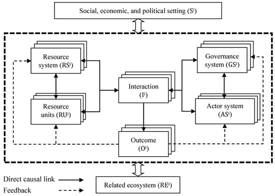 Core framework subsystems for analyzing SES of NRs, adapted from McGinnis and Ostrom []; ‘i’ = variable notation.
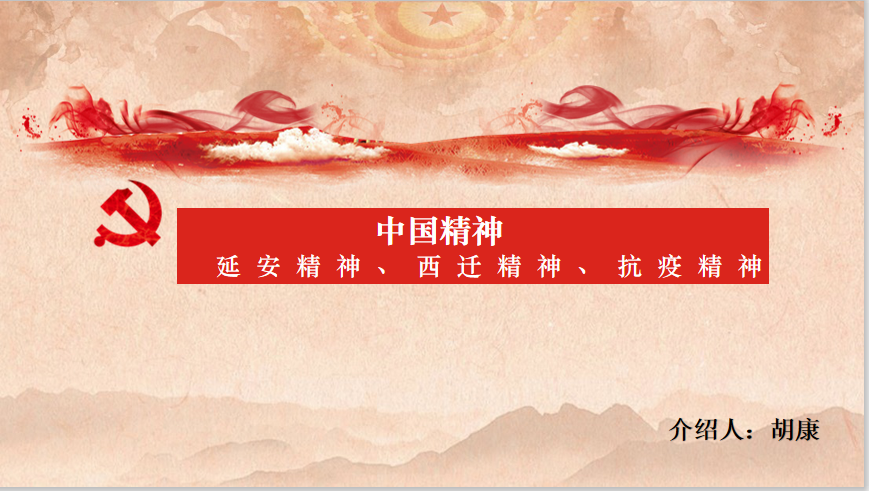 第二环节由黑料718 研究生第一党支部组织委员胡康,介绍中国精神,重点分享西迁精神、抗疫精神、延安精神。
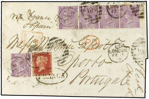 1869 Envelope to PORTUGAL bearing 1 d rose (SG 43) and 6 d mauve plate 6 (5) (SG 105) tied by LONDON duplex with handstruck boxed L1 routed via France with oval FRANCA and receiver on reverse. Attractive item.
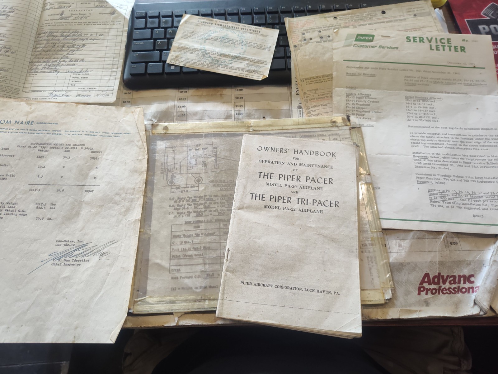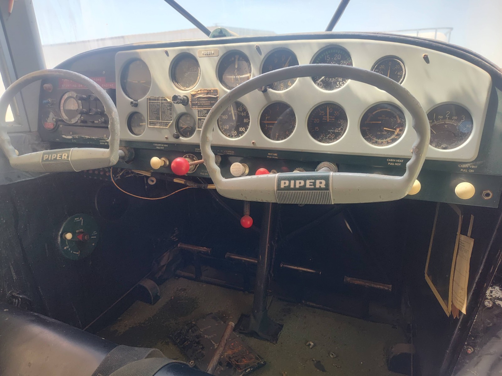 1954 Piper Tri Pacer. As you can see.. She's been sitting a day or two. Actually, 50 years, by the complete airframe and engine log books and airworthiness certificate (which we have, last annual was written in was 1975) . I'm not sure if it was that I needed the hanger space alone or a deep seeded love to think someone besides my kids would spend some time and money on her and put her back in the skies again. Either way, I need it gone sooner than later. It has roughly 2,386 hours total time since new and appears the engine would have had a top end put on it within a couple hundred ours of her hibernation. Equipped with a Lycoming 0 290 D2 135 hp engine that still has compression on every cylinder and a Sensenich Aluminum prop. ( We may make her run again before it sells.) . The interior is complete and nice. Both gas caps are missing and two of the engine cowl clips. Other than that, she appears complete down to the tires. The airplane is worth more in parts than as a whole. But I am not... in any way... interested in selling parts from this aircraft. This airplane will be sold as is, Where is and will not fly out of here. It needs recovered and will have to be trailered away. It will come with an FAA bill of sale 8050-2 and you will get everything I have with it down to the airworthiness cert. ( the tail number is expired and would have to be renewed or changed. Please don't think it will fly out of here on a ferry permit. I do have a friend who would pull the wings and deliver the aircraft and charges accordingly as that is how he makes a living. We are not doing a pre buy inspection and if you bid, you own it, not a bid to see if you want it. Have your ducks in a row and cash in hand if you bid. If you have any questions.. contact me and I will do everything to accommodate more pics or details prior to bidding so we are both happy with the end results.., all contact information is at the bottom of the ad. P.j.
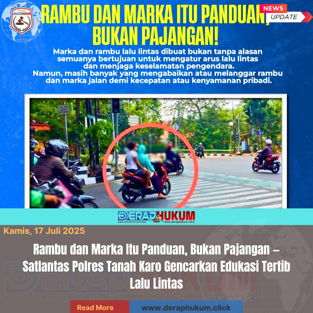 KARO, Sumatra Utara | Deraphukum.click | Dalam rangka Operasi Patuh Toba 2025, Satuan Lalu Lintas (Satlantas) Polres Tanah Karo kembali mengingatkan pentingnya mematuhi rambu dan marka jalan sebagai panduan keselamatan berlalu lintas.
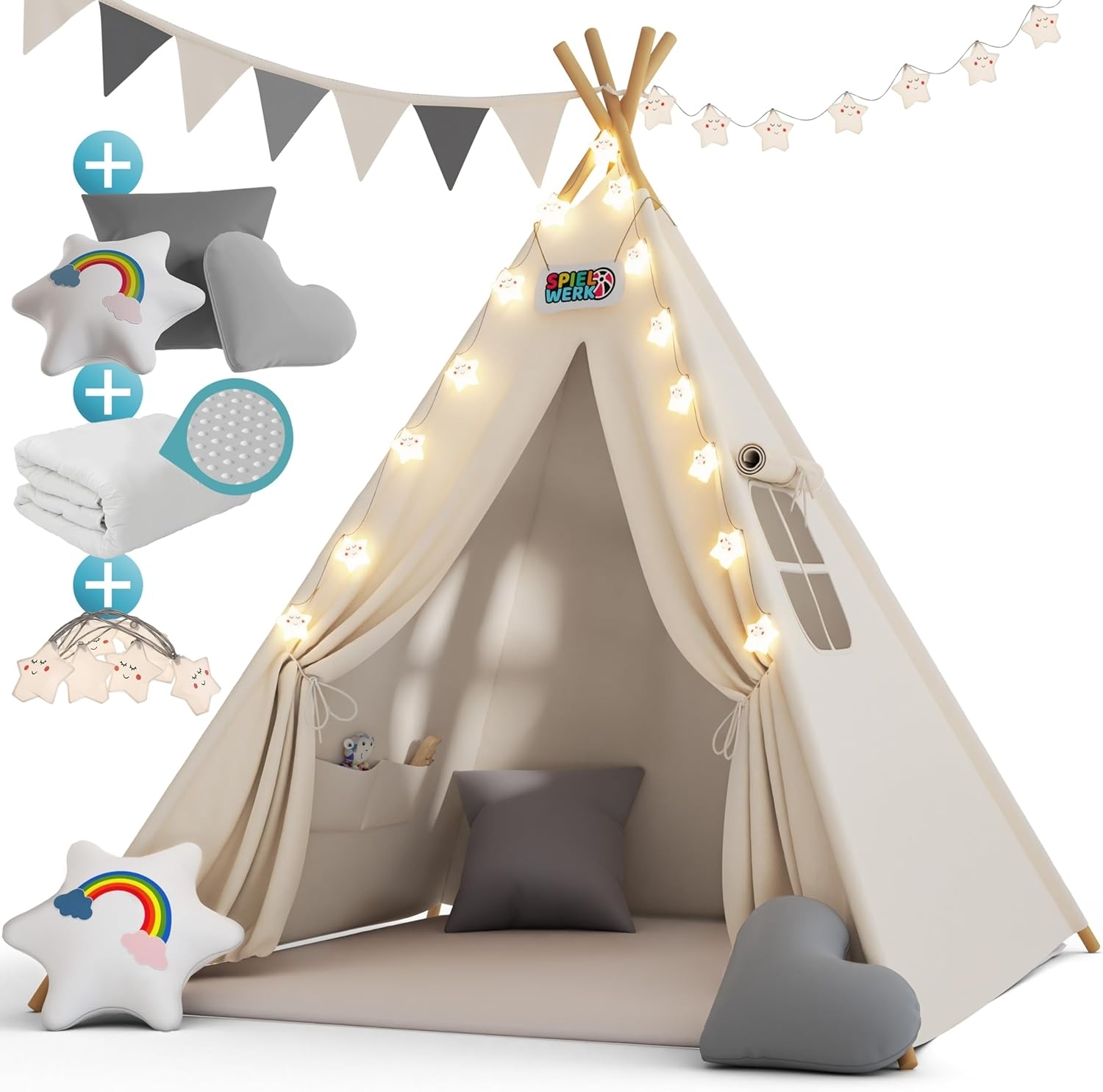 | Name | Spielwerk Kindertipi mit Lichterkette, Bodenmatte & Kissen, Baumwolle weiß, 120 x 120 x 160 cm |

====

Aim of the exercise: Give back the full listing exactly, with pictures dropped.

Solution to this exercise:
 Core framework subsystems for analyzing SES of NRs, adapted from McGinnis and Ostrom []; ‘i’ = variable notation.
 第二环节由黑料718 研究生第一党支部组织委员胡康,介绍中国精神,重点分享西迁精神、抗疫精神、延安精神。
 1869 Envelope to PORTUGAL bearing 1 d rose (SG 43) and 6 d mauve plate 6 (5) (SG 105) tied by LONDON duplex with handstruck boxed L1 routed via France with oval FRANCA and receiver on reverse. Attractive item.
 1954 Piper Tri Pacer. As you can see.. She's been sitting a day or two. Actually, 50 years, by the complete airframe and engine log books and airworthiness certificate (which we have, last annual was written in was 1975) . I'm not sure if it was that I needed the hanger space alone or a deep seeded love to think someone besides my kids would spend some time and money on her and put her back in the skies again. Either way, I need it gone sooner than later. It has roughly 2,386 hours total time since new and appears the engine would have had a top end put on it within a couple hundred ours of her hibernation. Equipped with a Lycoming 0 290 D2 135 hp engine that still has compression on every cylinder and a Sensenich Aluminum prop. ( We may make her run again before it sells.) . The interior is complete and nice. Both gas caps are missing and two of the engine cowl clips. Other than that, she appears complete down to the tires. The airplane is worth more in parts than as a whole. But I am not... in any way... interested in selling parts from this aircraft. This airplane will be sold as is, Where is and will not fly out of here. It needs recovered and will have to be trailered away. It will come with an FAA bill of sale 8050-2 and you will get everything I have with it down to the airworthiness cert. ( the tail number is expired and would have to be renewed or changed. Please don't think it will fly out of here on a ferry permit. I do have a friend who would pull the wings and deliver the aircraft and charges accordingly as that is how he makes a living. We are not doing a pre buy inspection and if you bid, you own it, not a bid to see if you want it. Have your ducks in a row and cash in hand if you bid. If you have any questions.. contact me and I will do everything to accommodate more pics or details prior to bidding so we are both happy with the end results.., all contact information is at the bottom of the ad. P.j.
 KARO, Sumatra Utara | Deraphukum.click | Dalam rangka Operasi Patuh Toba 2025, Satuan Lalu Lintas (Satlantas) Polres Tanah Karo kembali mengingatkan pentingnya mematuhi rambu dan marka jalan sebagai panduan keselamatan berlalu lintas.
 | Name | Spielwerk Kindertipi mit Lichterkette, Bodenmatte & Kissen, Baumwolle weiß, 120 x 120 x 160 cm |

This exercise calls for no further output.